### Supplied material:
»»
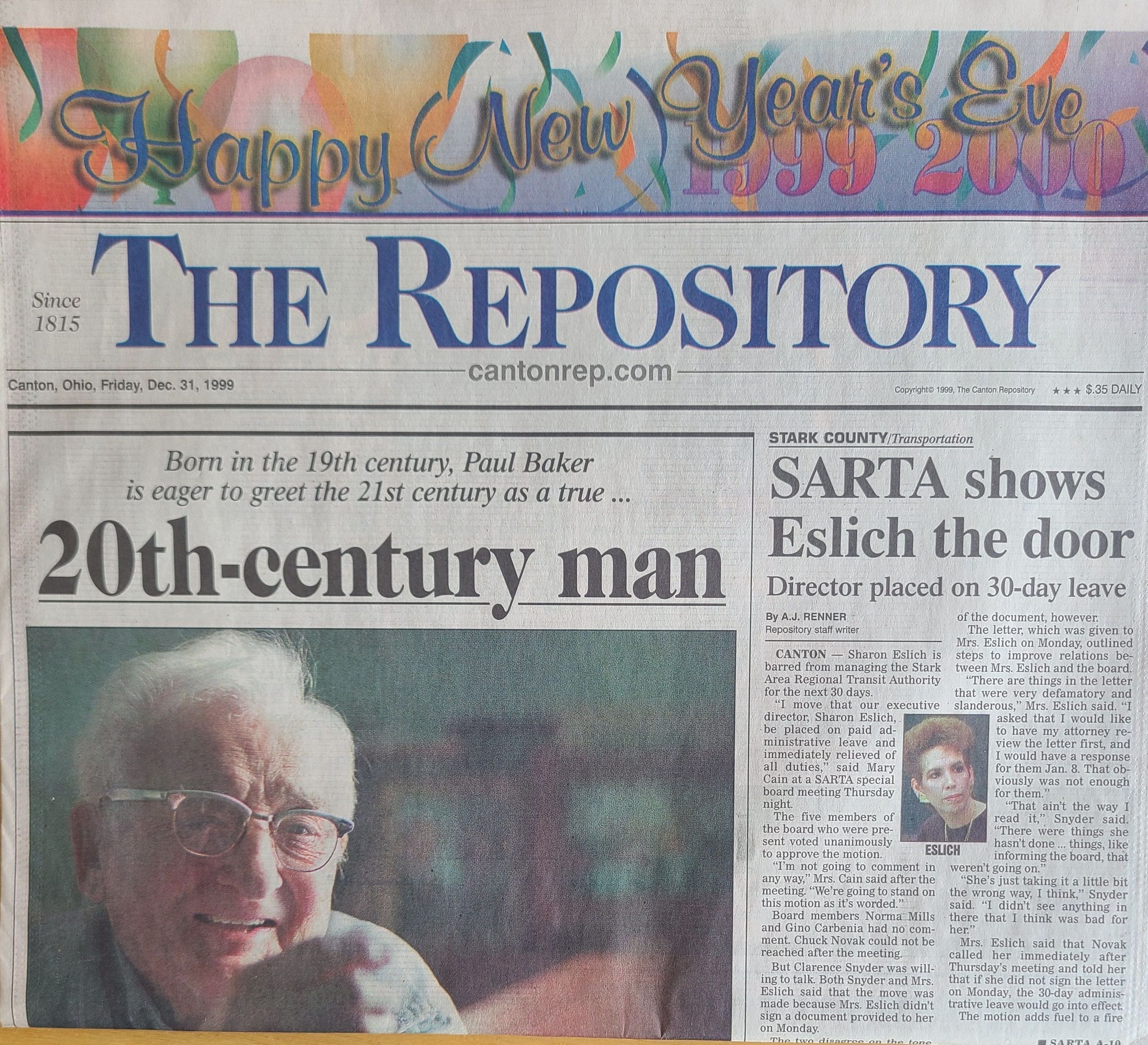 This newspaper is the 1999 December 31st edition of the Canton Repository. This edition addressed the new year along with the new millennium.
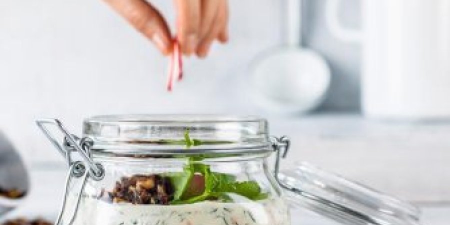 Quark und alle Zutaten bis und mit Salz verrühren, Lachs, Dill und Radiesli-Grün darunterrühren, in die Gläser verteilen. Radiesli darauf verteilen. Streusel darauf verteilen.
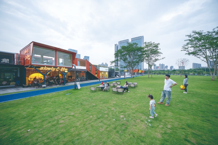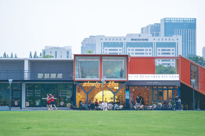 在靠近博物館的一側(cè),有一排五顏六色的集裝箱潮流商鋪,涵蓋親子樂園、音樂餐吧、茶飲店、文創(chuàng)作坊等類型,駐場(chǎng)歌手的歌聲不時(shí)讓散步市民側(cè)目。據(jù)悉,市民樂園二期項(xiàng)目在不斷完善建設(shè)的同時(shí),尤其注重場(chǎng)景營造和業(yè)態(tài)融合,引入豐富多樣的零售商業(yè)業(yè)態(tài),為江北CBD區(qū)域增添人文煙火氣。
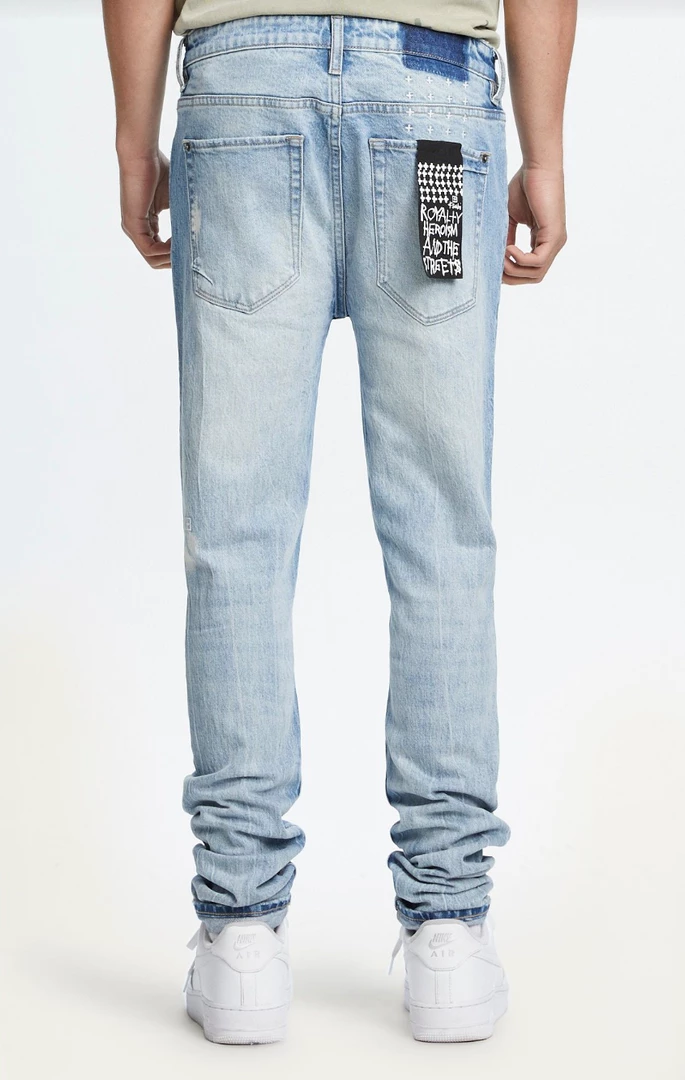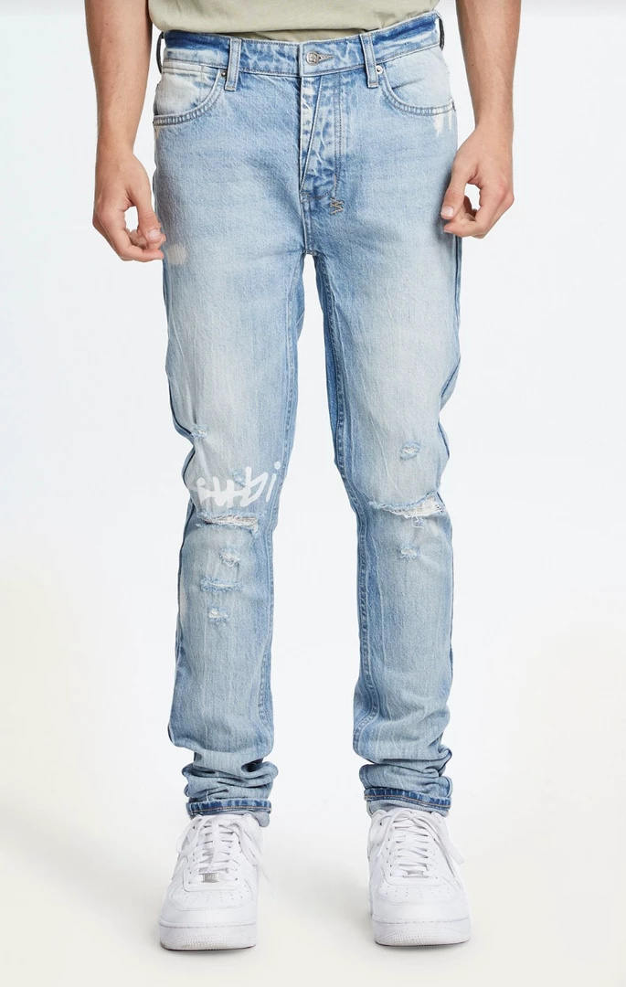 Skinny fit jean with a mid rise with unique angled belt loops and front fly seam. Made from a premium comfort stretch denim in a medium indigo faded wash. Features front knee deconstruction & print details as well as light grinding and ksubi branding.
««
In your reply, please print exactly the lines from the one with "在靠近博物館的一側(cè),有一排五顏六" through the final line of the listing above, both included, and no pictures.

 在靠近博物館的一側(cè),有一排五顏六色的集裝箱潮流商鋪,涵蓋親子樂園、音樂餐吧、茶飲店、文創(chuàng)作坊等類型,駐場(chǎng)歌手的歌聲不時(shí)讓散步市民側(cè)目。據(jù)悉,市民樂園二期項(xiàng)目在不斷完善建設(shè)的同時(shí),尤其注重場(chǎng)景營造和業(yè)態(tài)融合,引入豐富多樣的零售商業(yè)業(yè)態(tài),為江北CBD區(qū)域增添人文煙火氣。
 Skinny fit jean with a mid rise with unique angled belt loops and front fly seam. Made from a premium comfort stretch denim in a medium indigo faded wash. Features front knee deconstruction & print details as well as light grinding and ksubi branding.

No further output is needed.